Data extracted from a collection
[Start of section]

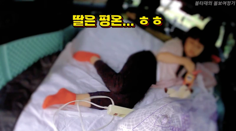 이렇게 일단 아재와 딸은 잠자리에 들었습니다. 자충매트+ 스폰지 매트 + 볼보 피크닉매트 조합으로 바닥을 깔았는데 나름 푹신하고 따뜻하더라고요, 즌기요를 틀지 않았는데도 따뜻한 매직! ㅎㅎ
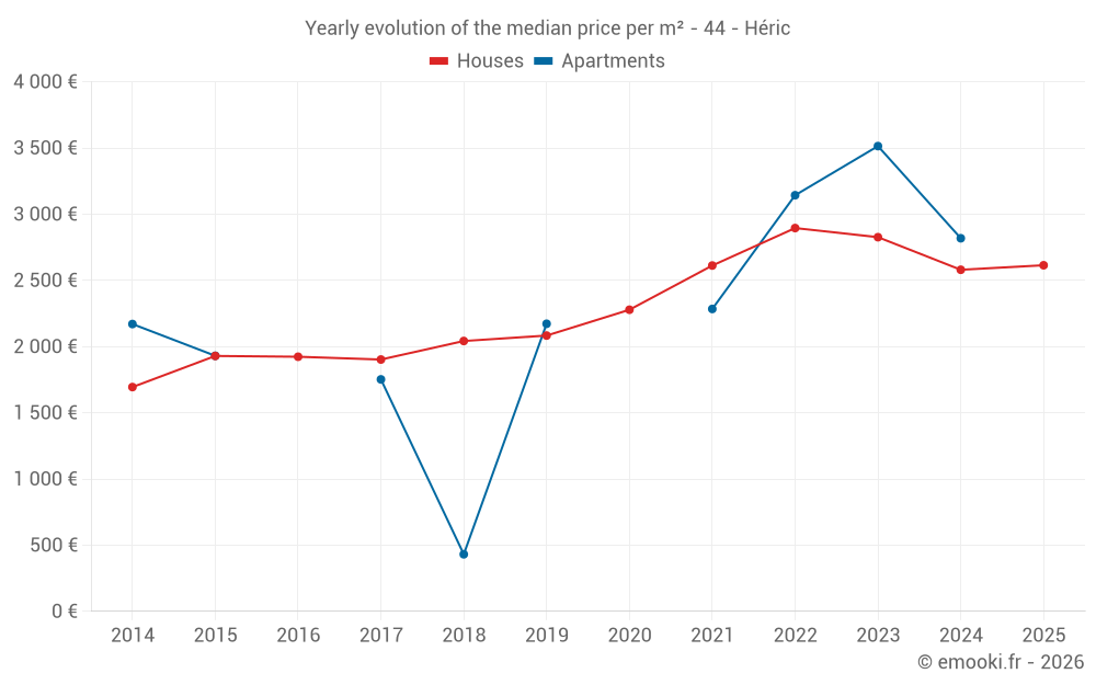 The median price on the 19 house transactions of the last 6 months in the municipality of Héric was 2 614 € per square meter for a median property value of 288 000 €. Over this period, 60% of transactions were between 1 721 and 2 902 € per square meter (from the 2nd to the 8th deciles).
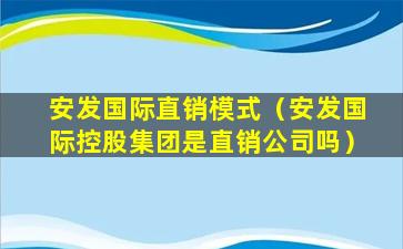 安发国际直销模式(安发国际控股集团是直销公司吗)
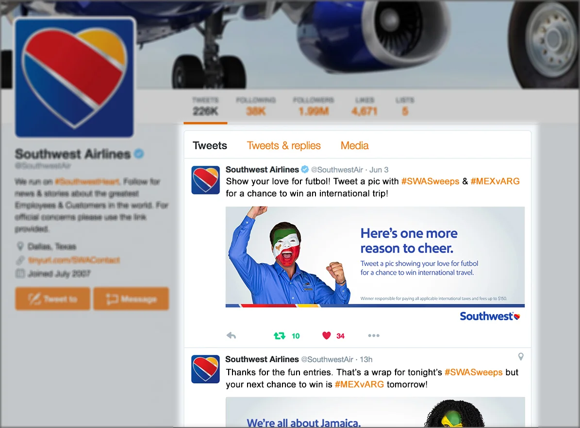 Southwest always uses real employees in their ads. We reached out to ones born in some of the countries playing in Copa America, and we integrated them into our ads on Copa America web properties and at the stadiums.
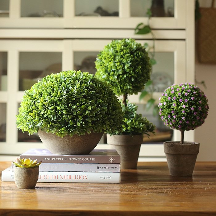 【掬涵】仿真树球盆景 咖盆 绿植盆栽 花球草球桌面餐桌装饰品推广热卖行情
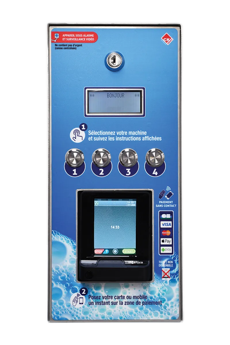 Une centrale de paiement (ou borne monétique) est un automate sécurisé qui permet au client de sélectionner un programme, payer et déclencher le service choisi : lavage portique, haute pression, aspirateur, gonfleur, lave-glace, distribution de jetons ou produits complémentaires.
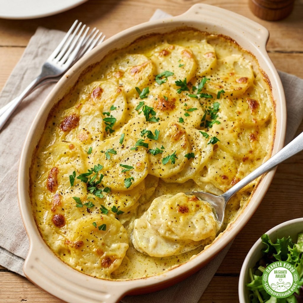 Картофель «Ароматный» Ингредиенты Картофель – 500 г Молоко – 400 мл Сыр твёрдый – 300 г Сметана 20% - 100гр Асафетида 1ч.л. Масло сливочное – 50 г Перец чёрный молотый – 1 щепотка Карри приправа 1 ч.л. Соль – по вкусу Приготовление: Обильно смазать сливочным маслом стенки и дно формы для запекания. В чашу миксера вылить молоко, сметану, перец, соль и карри. Смесь взбить миксером. Картофель очистить, промыть и нарезать тонкими кружочками толщиной 3–4 мм. Выложить картофель в форму «чешуёй». Сыр натереть на крупной тёрке. Картофель покрыть слоем сыра. Залить картофель молочной заливкой. Форму поставить в духовку и запекать в течение 1 часа при температуре 160 градусов.

[End of section]

Nothing but the lines from the first line of the data through the line with "咖盆 绿植盆栽 花球草球桌面餐桌装饰品推广热卖行情" belongs in the answer, copied exactly and without pictures.

◆ Response to the task ◆
 이렇게 일단 아재와 딸은 잠자리에 들었습니다. 자충매트+ 스폰지 매트 + 볼보 피크닉매트 조합으로 바닥을 깔았는데 나름 푹신하고 따뜻하더라고요, 즌기요를 틀지 않았는데도 따뜻한 매직! ㅎㅎ
 The median price on the 19 house transactions of the last 6 months in the municipality of Héric was 2 614 € per square meter for a median property value of 288 000 €. Over this period, 60% of transactions were between 1 721 and 2 902 € per square meter (from the 2nd to the 8th deciles).
 安发国际直销模式(安发国际控股集团是直销公司吗)
 Southwest always uses real employees in their ads. We reached out to ones born in some of the countries playing in Copa America, and we integrated them into our ads on Copa America web properties and at the stadiums.
 【掬涵】仿真树球盆景 咖盆 绿植盆栽 花球草球桌面餐桌装饰品推广热卖行情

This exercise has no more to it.